MedWire News: Breast cancer survivors who suffer hot flashes and night sweats (HFNS) may benefit from treatment with cognitive behavioral therapy (CBT), results of a randomized controlled trial show.
Indeed, CBT reduced the severity of HFNS relative to usual care with additional benefits to mood, sleep, and some aspects of quality of life.
Myra Hunter (King's College London, UK) and colleagues say CBT "has the potential to improve long-term health outcomes for patients with breast cancer, and could be incorporated into breast cancer survivorship programmes."
Around 65-85% of breast cancer patients experience HFNS after treatment causing distress, sleep problems, and decreased quality of life.
"Hormone replacement therapy is often either undesirable or contraindicated," say Hunter et al, adding that "safe, effective nonhormonal treatments are needed."
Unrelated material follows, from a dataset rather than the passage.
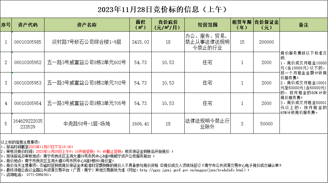 2023年11月28日競價標(biāo)的信息
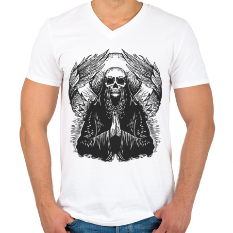 1 kép PRINTFASHION Démoni imádkozó koponya - Férfi V-nyakú póló - Fehér

For the current study, they recruited 97 women with problematic HFNS (minimum 10 problematic episodes a week) who had completed medical treatment for breast cancer (surgery, radiotherapy, or chemotherapy), and had no evidence of other cancers or metastases.
Women were randomly allocated to receive usual care (n=49) or CBT (n=47). The latter comprised one 90-minute session a week for 6 weeks, and included psycho-education, paced breathing, and cognitive and behavioral strategies to manage HFNS.
Women taking adjuvant endocrine treatment were eligible if they had been using the treatment consistently for 2 months or more, and planned to continue at the same dose during the trial.
The primary outcome was the adjusted mean difference in HFNS problem rating (1-10) between CBT and usual care groups at 9 weeks after randomization.
Hunter et al found that women in the CBT group reported less problematic HFNS than those receiving usual care (mean difference -1·67), and these improvements were maintained at both the 9- and 26-week follow-ups.
Although the pre-specified endpoint of a between-group difference of 2 points was not met, a larger proportion of women who had received CBT achieved a reduction of 2 points compared with the usual care group at 26 weeks (78 vs 33%).
Hunter et al note that the results of the study were very similar to the preliminary findings of a parallel trial of CBT for HFNS in a sample of healthy women (MENOS2).
"This consistent pattern of results suggests that the CBT might work by affecting symptom perception and cognitive appraisal of HFNS and possibly mood, rather than physiological mechanisms of HFNS, such as temperature regulation or the thermoneutral zone in the hypothalamus," they comment in Lancet Oncology.